2008 Cash Bonus for Named Executive Officers
     The Committee also approved the award of cash bonuses to the named executive officers listed in the table below, to be paid upon achievement of the following corporate bonus objectives established by the Committee and subject to reduction if the goals are not achieved:
    Achievement of specified 2008 annual revenue and gross margin goals, subject to 25% reduction of bonus if not achieved.
    Completion of Phase 3 clinical development activities for Lymphoseek and filing of the new drug application for Lymphoseek with the United States Food and Drug Administration by December 31, 2008, subject to 50% reduction of bonus if not achieved.
    Discretionary bonus, equal to 25% of the total bonus objective.

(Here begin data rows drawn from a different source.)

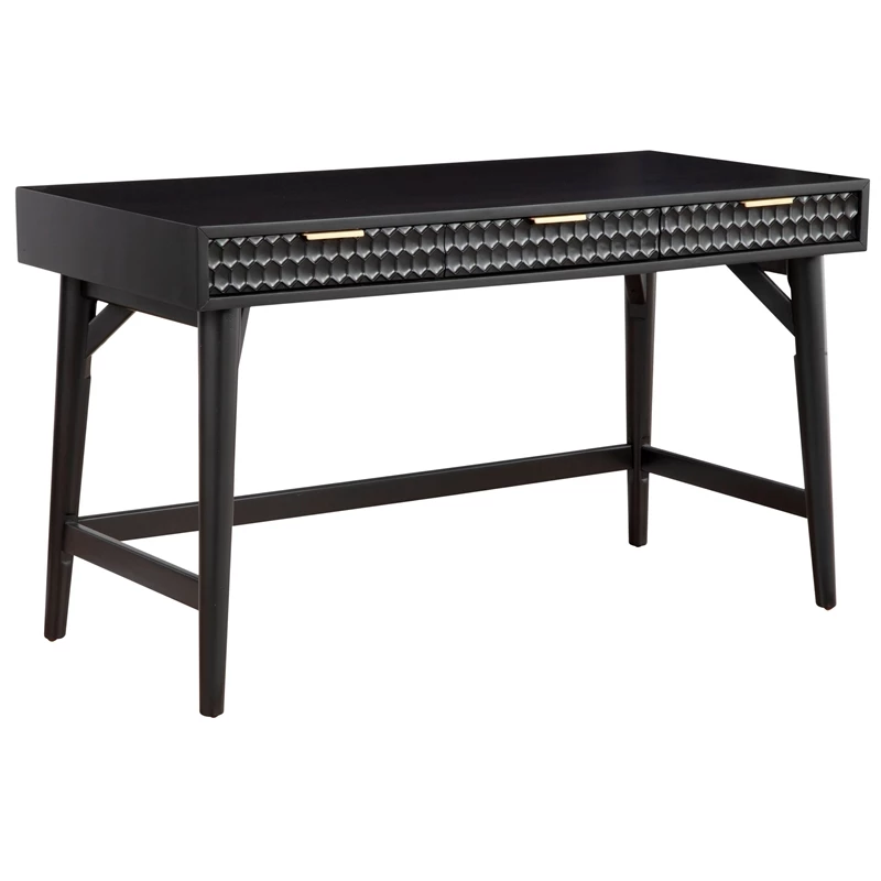 Contemporary fashion, the Origins by Alpine Black Pearl Wood Desk combines clean lines with multiple materials. The textured drawer fronts are great looking, bordered by Mahogany solids and veneers, in a traditional black finish that makes decorating easy. The piece is accented by gold metal drawer handles and a all black base. There is ample storage with the 3 drawers. Coordinates with other pieces from the Black Pearl collection.
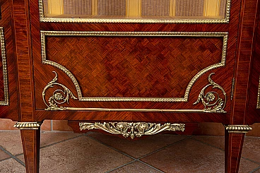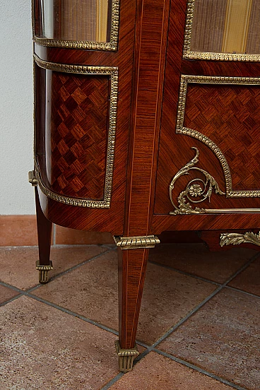 French Napoleon III showcase in exotic precious woods belonging to the second half of the 19th century. On the front, the door has an inlay with a geometric motif surrounded by a bronze frame with two glass shelves inside. The side panels have a convex shape and recall the same layout as the front. The underside band is richly adorned with finely chiselled gilt bronze applications. Provenance France (1880/90). Restored by our master craftsmen using the traditional method (shellac and rubbing alcohol). Measurements: 85x40 cm, H 167 cm. Certificate of Authenticity. We are at your disposal for further clarifications or photographic details. Shipping throughout Italy, Europe and the rest of the world at very low prices with maximum security and traceability. Shipping will be agreed privately.
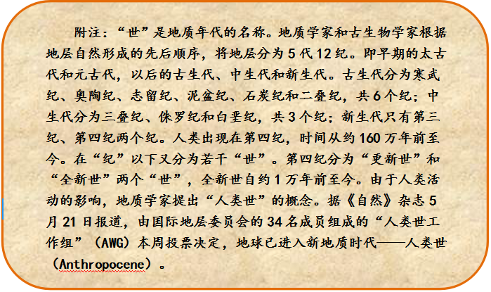 在2000年的一個(gè)國際會議上,1995年諾貝爾化學(xué)獎(jiǎng)得主保羅-克魯岑提出,當(dāng)今人類活動(dòng)對自然環(huán)境的影響已經(jīng)超過了自然狀態(tài)的變化,應(yīng)該定義一個(gè)新的地質(zhì)時(shí)代,叫人類世。我國科學(xué)家劉東生院士參加了此會,回國后就極力推薦這個(gè)詞。
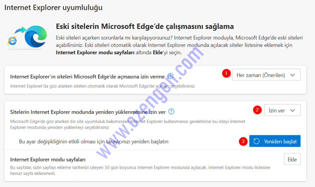 IE destekli siteleri, Edge’de açabilmek için aşağıdaki resimli anlatımı takip edebilirsiniz.

     The final amount of any cash bonus to be paid to the named executives will be subject to the determination of the Committee at a meeting to be held after the delivery of the financial statements of the Company for the year ending December 31, 2008, and adjusted by the weighting percentage, if any of the overall corporate objectives were not achieved.
         
        2008 Maximum Cash Bonus
Name   Position   Amount
David C. Bupp
  President and Chief Executive Officer   $80,000
 
       
Brent L. Larson
  Vice President, Finance, Chief    
 
  Financial Officer, Treasurer and    
 
  Secretary   $30,000
 
       
Anthony K. Blair
  Vice President, Manufacturing Operations   $31,400
2009 Cash Bonus for Named Executive Officers
     In addition, the Committee established cash bonus performance goals for the named executive officers listed in the table above, to be paid in the first quarter of 2010 in amounts to be determined by the Committee upon achievement of the following corporate goals, and subject to reduction if the goals are not achieved:
    Achievement of specified 2009 annual revenue and gross margin goals, subject to 25% reduction of bonus if not achieved.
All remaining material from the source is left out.